Data from Skew Analytics showed that the open interest on Bitcoin options reached $6.8 billion on December 31 – an all-time high. The number was over three times the recorded open interest just 100 days before that. As expected, this shows that the derivatives market is on a tremendous growth pattern.

It appears evident that the bull run of 2020 led to an influx of new investors in the crypto market. While many of these came in the form of retail investors who merely bought Bitcoin, others looked to invest in the asset through derivatives instead. Those in the latter category are essentially using Bitcoin to preserve their wealth and hedge against inflation.

With the coronavirus pandemic hitting traditional markets and industries, crypto derivatives provide an opportunity for investors to keep up their activities in a healthy market. The crypto market remains strong today, continuing with a surge that began months ago. Now, factors show that this could spill to the derivatives space as well.

The Growth of Institutional Bitcoin Investors

One of the primary reasons for the 2020 bull run has been a surge in institutional investment. However, many of these investors appear ready to make plays for crypto derivatives too.

As explained earlier, derivatives are complex financial instruments that average retail investors don't necessarily understand. Institutions, on the other hand, have been enjoying access to them. In 2020, several firms purchased Bitcoin, using the leading cryptocurrency to back their asset reserves and as a treasury investment.

Several investment firms have noticed this, and they have developed products and resources to attract these investors. By providing tools like options, futures, and spot trading facilities, these investment firms are essentially providing an opportunity for institutional investors to play in the crypto market like they would in the traditional financial space.

Speaking to news sources, a spokesperson for the Chicago Mercantile Exchange (CME) confirmed that the company had seen a growth in the number of large open interest holders (LOIH) on its futures contracts. A LOIH investor holds at least 25 Bitcoin futures contracts, each worth 5 BTC. So, becoming a LOIH means having about 125 BTC – over $4 million by today's prices.

The spokesperson explained that the CME had seen about 103 LOIH investors in November 2020 – a 130 percent jump over November 2019. With crypto derivatives in such high demand, it appears that cryptocurrencies are now in much higher demand.

Since everyone expects institutional investors to flood into the crypto market in 2021, derivatives could be in for a surge.

DeFi and ETH 2.0 to Pump Ether

As for the Ethereum futures, two of the most significant growth drivers will be the growth of decentralized finance (DeFi) and the current Ethereum 2.0 rebrand.

Ether derivatives already grew significantly, and the CME announced last month that it would launch Ether futures in February. This, in itself, shows that Ether is also maturing as an investment asset.
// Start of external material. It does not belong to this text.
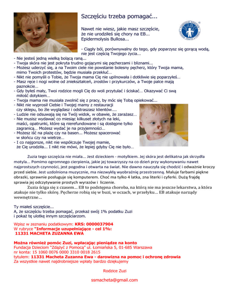 Szczęściu trzeba pomagać... Nawet nie wiesz, jakie masz szczęście, że nie urodziłeś się chory na EB... Epidermolysis Bullosa... - Ciągły ból, porównywalny do tego, gdy poparzysz się gorącą wodą, nie jest częścią Twojego życia... - Nie jesteś jedną wielką bolącą raną... - Twoja skóra nie jest pokryta trudno gojącymi się pęcherzami i bliznami... - Możesz uderzyć się, a na Twoim ciele nie powstanie bolesny pęcherz, który Twoja mama, mimo Twoich protestów, będzie musiała przekłuć… - Nikt nie pomyśli o Tobie, że Twoja mama Cię nie upilnowała i dotkliwie się poparzyłeś… - Masz ręce i nogi wolne od zniekształceń, zrostów i przykurczów, a Twoje palce mają paznokcie… - Gdy byłeś mały, Twoi rodzice mogli Cię do woli przytulać i ściskać… Okazywać Ci swą miłość dotykiem… - Twoja mama nie musiała zwolnić się z pracy, by móc się Tobą opiekować... - Nikt nie wyprosił Ciebie i Twojej mamy z restauracji czy sklepu, bo źle wyglądasz i odstraszasz klientów.... - Ludzie nie odsuwają się na Twój widok, w obawie, że zarażasz… - Nie musisz wydawać co miesiąc kilkuset złotych na leki, maści, opatrunki, które są nierefundowane i są dostępne tylko zagranicą… Możesz wydać je na przyjemności… - Możesz iść na plażę czy na basen... Możesz spacerować w słońcu czy na wietrze… - I co najgorsze, nikt nie współczuje Twojej mamie, że Cię urodziła... I nikt nie mówi, że lepiej gdyby Cię nie było… Zuzia tego szczęścia nie miała... Jest dzieckiem - motylkiem. Jej skóra jest delikatna jak skrzydła motyla... Pomimo ogromnego cierpienia, jakie jej towarzyszy na co dzień przy wykonywaniu nawet najprostszych czynności, jest pogodna i otwarta na świat. Nie dawno nauczyła się chodzić i odważnie kroczy przed siebie. Jest uzdolniona muzycznie, ma niezwykłą wyobraźnię przestrzenną. Maluje farbami piękne obrazki, sprawnie posługuje się komputerem. Choć ma tylko 4 latka, zna literki i cyferki. Dużą frajdę sprawia jej odczytywanie prostych wyrazów i liczenie. Zuzia ściga się z czasem… EB to podstępna choroba, na którą nie ma jeszcze lekarstwa, a która atakuje nie tylko skórę. Pęcherze robią się w buzi, w oczach, w przełyku… EB atakuje narządy wewnętrzne… Ty miałeś szczęście... A, że szczęściu trzeba pomagać, przekaż swój 1% podatku Zuzi i pokaż tę ulotkę innym szczęściarzom. Wpisz w zeznaniu podatkowym: KRS: 0000037904 W rubryce “Informacje uzupełniające - cel 1%: 11331 MACHETA ZUZANNA EWA Można również pomóc Zuzi, wpłacając pieniądze na konto Fundacja Dzieciom “Zdążyć z Pomocą” ul. Łomiańska 5, 01-685 Warszawa nr konta: 15 1060 0076 0000 3310 0018 2615 tytułem: 11331 Macheta Zuzanna Ewa - darowizna na pomoc i ochronę zdrowia Za wszystkie nawet najdrobniejsze wpłaty bardzo dziękujemy Rodzice Zuzi [email protected]

While much of Ether's performance hinges on Bitcoin, the asset is also coming into its own. The Ethereum blockchain is the primary platform for most DeFi tokens, with DeFi Prime noting that the blockchain holds more protocols than others combined.
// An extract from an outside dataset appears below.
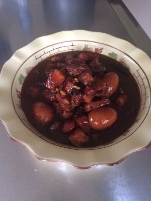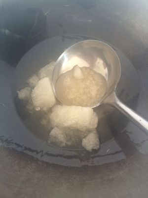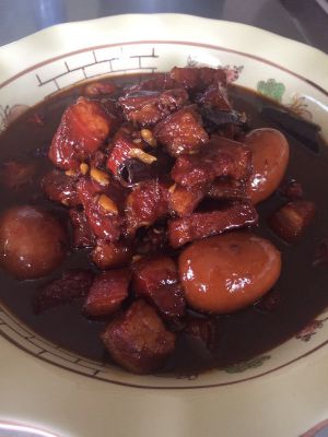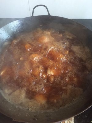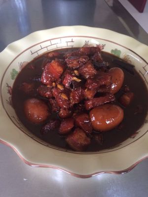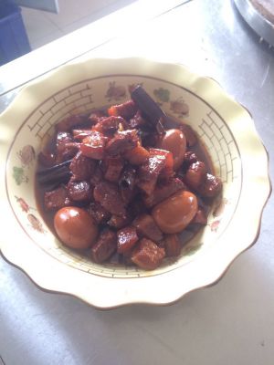 五花肉切麻将块,锅放底油煸一下加水,加黄酒,啤酒,料酒这类的都可以。料就是放少许盐,适量味精。桂皮,八角,生姜片。(各位都是高手前辈,我就没那么啰嗦发那么多细节图片。)这道红烧肉就是用糖色来上颜色不用加老抽(酱油)。自己吃放盐放味精就可以不用那么复杂,调味品放的多固然好吃但吃多了对身体不好。桂皮,八角,生姜,酒都是去腥味的。

Many DeFi protocols have launched bids to break out from Ethereum, but it hardly matters. The blockchain is expected to continue its dominant run, and with assets locked in DeFi at all-time high levels, Ether should get a nice DeFi-fueled boost. Eventually, investors will flock to Ether as well, and derivatives based on the asset will grow.

Ether is also expected to get a boost from the upcoming Ethereum 2.0 upgrade. Amongst other things, the upgrade should bring easier mining and greater scalability to the Ethereum blockchain. With the platform much easier to use, Ether will benefit from that improved functionality over time.